In This Issue:
- First Circuit Holds Plaintiff Lacks Standing to Recover for Allegedly Defective Product Based on Risk of Future Harm From Lightning Strike Where Complaint Contained Insufficient Facts to Demonstrate Risk Was Beyond Speculative or That Product Failed to Comply with Industry or Regulatory Standards
- Massachusetts Federal Court Holds Defendants Not Subject to General Personal Jurisdiction Due to Lack of In-State Incorporation or Principal Place of Business, and Transfer to Court Having Jurisdiction Not Authorized as One Transfer Statute Applies Only Where Subject Matter Jurisdiction is Lacking and Another Only Where Venue is Improper
- Massachusetts Federal Court Holds Manufacturer’s Repeated Representations Pumps Originally Designed for Whirlpools Could Be Successfully Used With Spa Tubs Sufficient to Create Jury Question on Implied Warranties of Merchantability for Ordinary Purpose and Fitness For Particular Purpose
- Massachusetts Federal Court Holds Threat of Physical Injury to Persons Not Required for Tort-Based Failure-to-Warn Claims, and “Economic Loss Doctrine” Does Not Bar Tort-Based Claims Against Manufacturer of Allegedly Defective Component for Damage to Product Into Which Component Was Incorporated if Latter Was Made by Different Entity Than Component Manufacturer
- Massachusetts Federal Court Holds Smartphone’s Random Shutdowns While in “Sleep” Mode Insufficient to State Warranty Claim Where Shutdowns Were Infrequent and Remedied by Pressing “On” Button, and Expert’s Personal Observations of Plaintiff’s Phone Did Not Provide Reliable Basis for Opinion of Defect in Model or Causation of Plaintiff’s Shutdowns
- Excerpt from First Circuit Holds Plaintiff Lacks Standing to Recover for Allegedly Defective Product Based on Risk of Future Harm From Lightning Strike Where Complaint Contained Insufficient Facts to Demonstrate Risk Was Beyond Speculative or That Product Failed to Comply with Industry or Regulatory Standards:
In Kerin v. Titeflex Corp., 2014 U.S. App. LEXIS 21057 (1st Cir. Nov. 4, 2014), plaintiff owned a home with an outdoor fire pit supplied with natural gas through corrugated stainless steel tubing (“CSST”). Although CSST can fail when exposed to powerful electrical forces such as lightning, it is widely used and approved by both government and industry regulatory bodies. Even though plaintiff’s CSST had never caused a problem, he sued its manufacturer in the United States District Court for the District of Massachusetts for negligence and breach of the implied warranty of merchantability (the Massachusetts near-equivalent of strict liability). Citing reports of 141 home fires that “involved” both CSST and lighting, plaintiff alleged his CSST was defectively designed because, in the event of a nearby lightning strike, it was vulnerable to puncture and fire and defendant had failed to warn of this risk. He sought damages in the amount of his “overpayment” for the allegedly defective product or, in the alternative, the cost of remedying the alleged safety issue.
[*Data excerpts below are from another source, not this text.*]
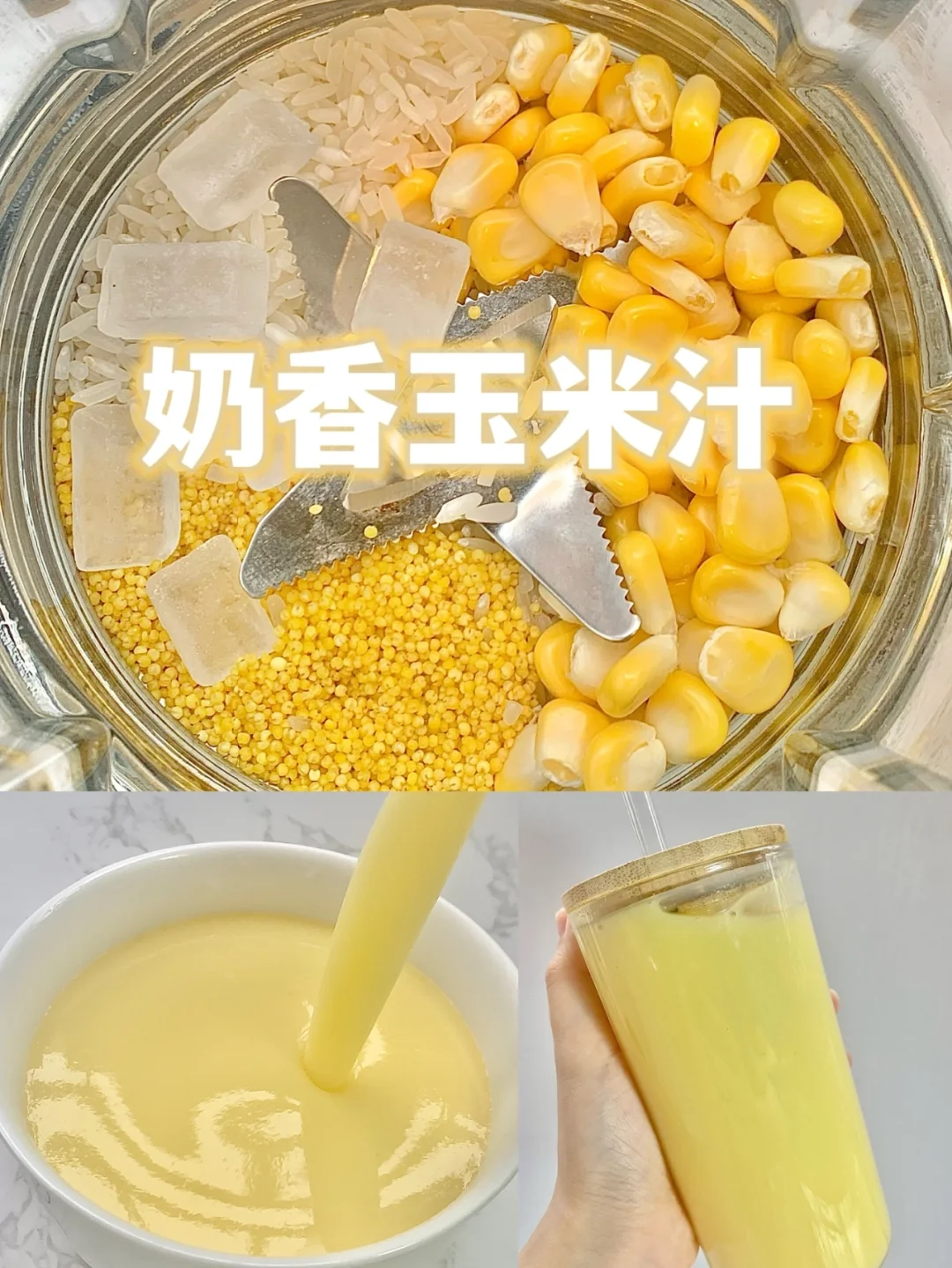 玉米一根+大米15g+小米10g+水800毫升+牛奶100毫升。选择破壁机玉米汁模式,完成后加入牛奶100毫升和几颗冰糖~
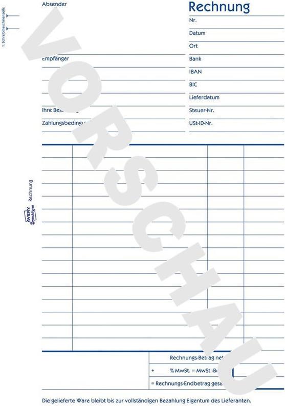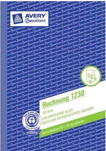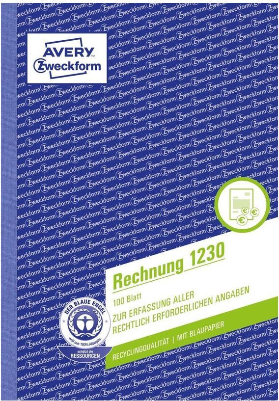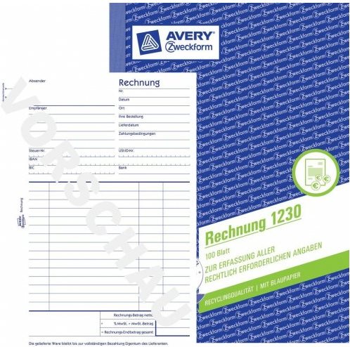Die Rechnungen von Avery Zweckform enthalten alle wichtigen Angaben wie Steuernummer, Umsatzsteuer Identifikationsnummer, Bankverbindung sowie Angaben zu Artikeln und Preisen. Damit stellen Sie die steuerliche Anerkennung sicher. Die Rechnung im DIN A5 Format beinhaltet 100 mikroperforierte Originale mit 1 Blatt Blaupapier und ist aus Recyclingpapier hergestellt.
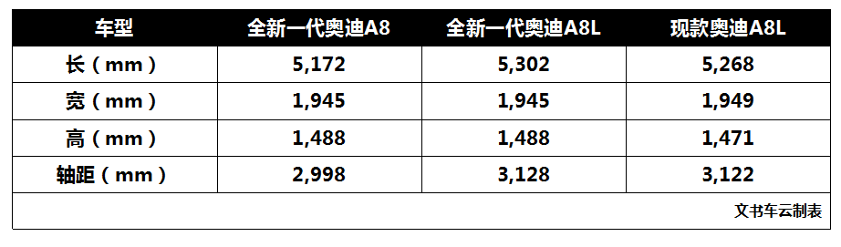 此外,全新一代奥迪A8车身尺寸比现款略微增加,标准轴距版轴距2998mm,A8L长轴距版轴距增加130mm,达到3128mm。
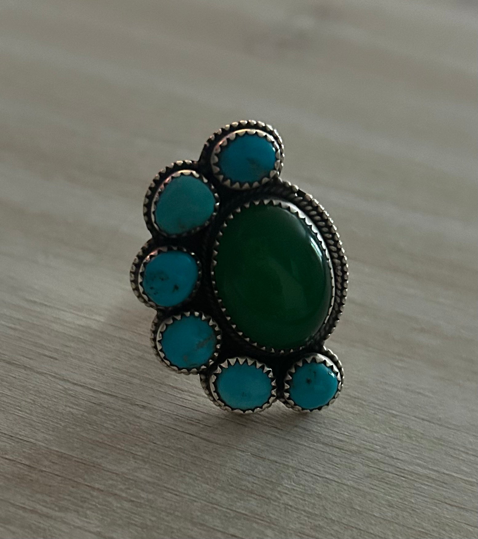 Kingman & Jade half cluster ring
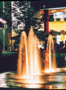 To solve the problem of hot-spots on the perforated metal "sails", Gabriel experimented with a number of filters designed to disperse the light evenly. By adding filters to the light fixtures, a wealth of creative opportunity has followed. For example, when a Chinese festival was held at the plaza, the entire plaza was turned red through the application of theatrical filters. Through the addition of a small, inexpensive filter, the entire ambiance of the plaza can be changed. The possibilities are truly limitless.
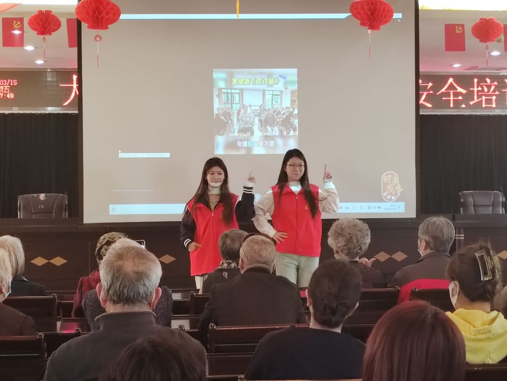 宣讲结束后,志愿者现场为老人们表演防诈骗“三句半”和手势舞,通过老人们喜闻乐见的文艺节目的形式普及防诈骗知识,进一步提高老人们捂好“钱袋子”、守好“养老钱”的意识。
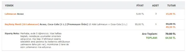 Öğrenciler, henüz bursları yatmadığı için paralarının yetmediğini ileri sürerken, verdikleri siparişin not kısmına, "Merhaba, evde 5 öğrenciyiz. Vize haftası başladı.Neredeyse uyumadan sınavlara çalışıyoruz.Kişi başı 3 lahmacun sipariş edecektik, ama paramız bu kadarına yetti. (Bursun yatmasına daha çok var) Mümkünse, 2 tane de sizin yollamanızı rica ediyoruz" diye yazdı.
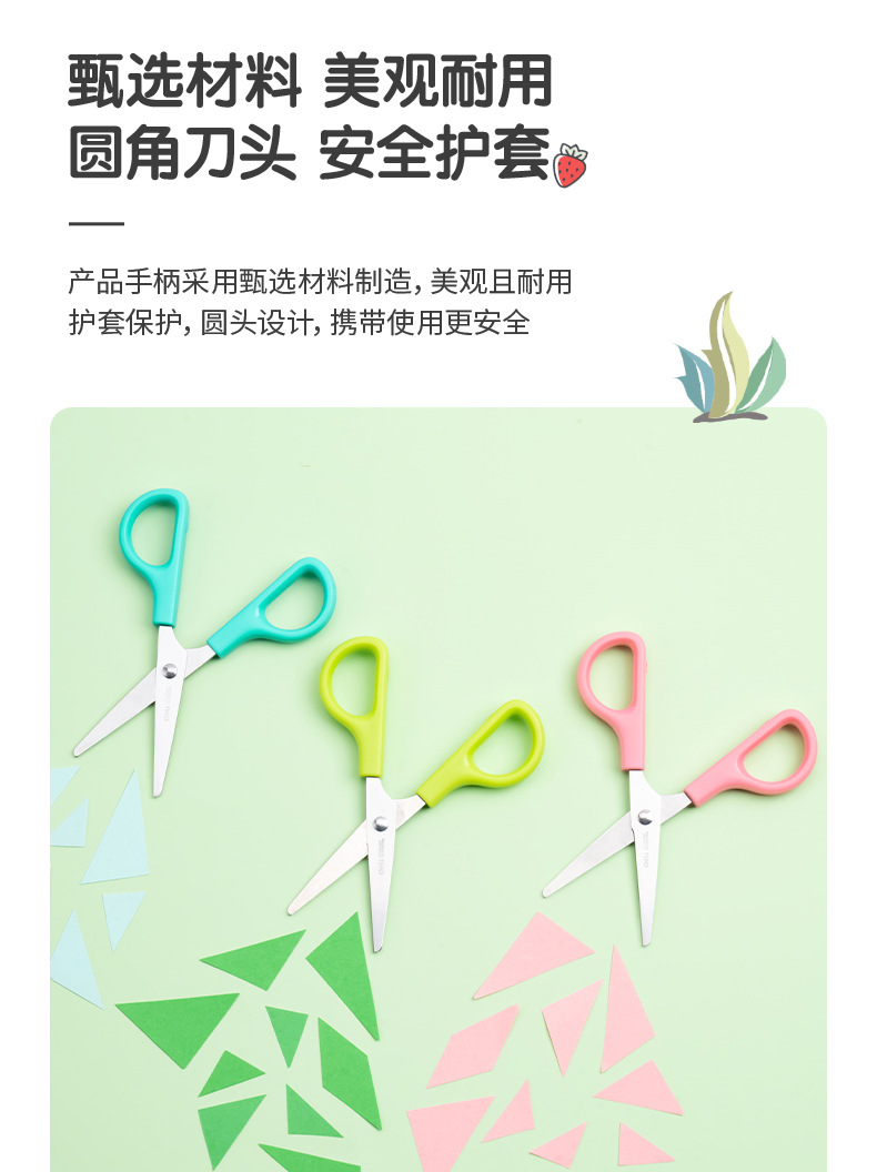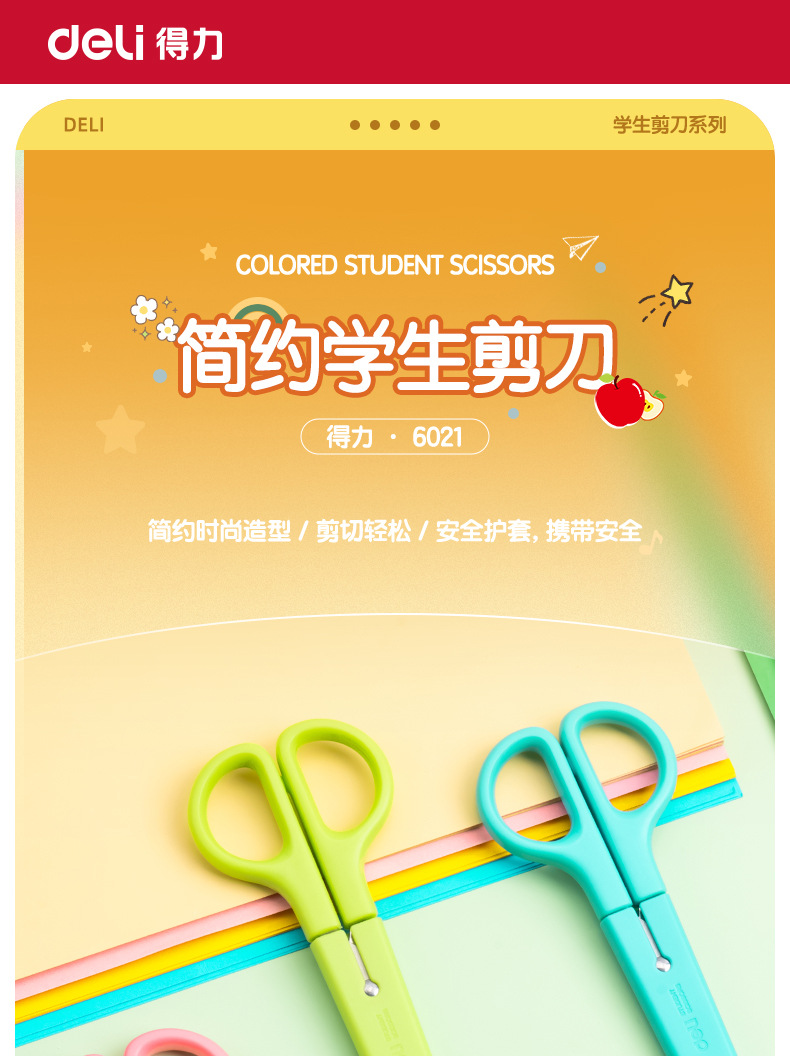 得力6021学生剪刀 可爱卡通儿童护套剪刀 迷你学生小剪子

The district court dismissed for lack of standing under Article III of the United States Constitution, holding “it is obvious that Plaintiff cannot clear the ‘injury in fact’ hurdle.” The court reasoned that the “strand of conjecture . . . is simply too attenuated,” requiring both a lightning strike and one that effects a puncture in the CSST. The court also concluded that even if plaintiff had standing, he failed to state a claim because he did not allege “an applicable standard against which [defendant’s] due care could be measured” as required to claim economic injury from a defective product under Massachusetts law.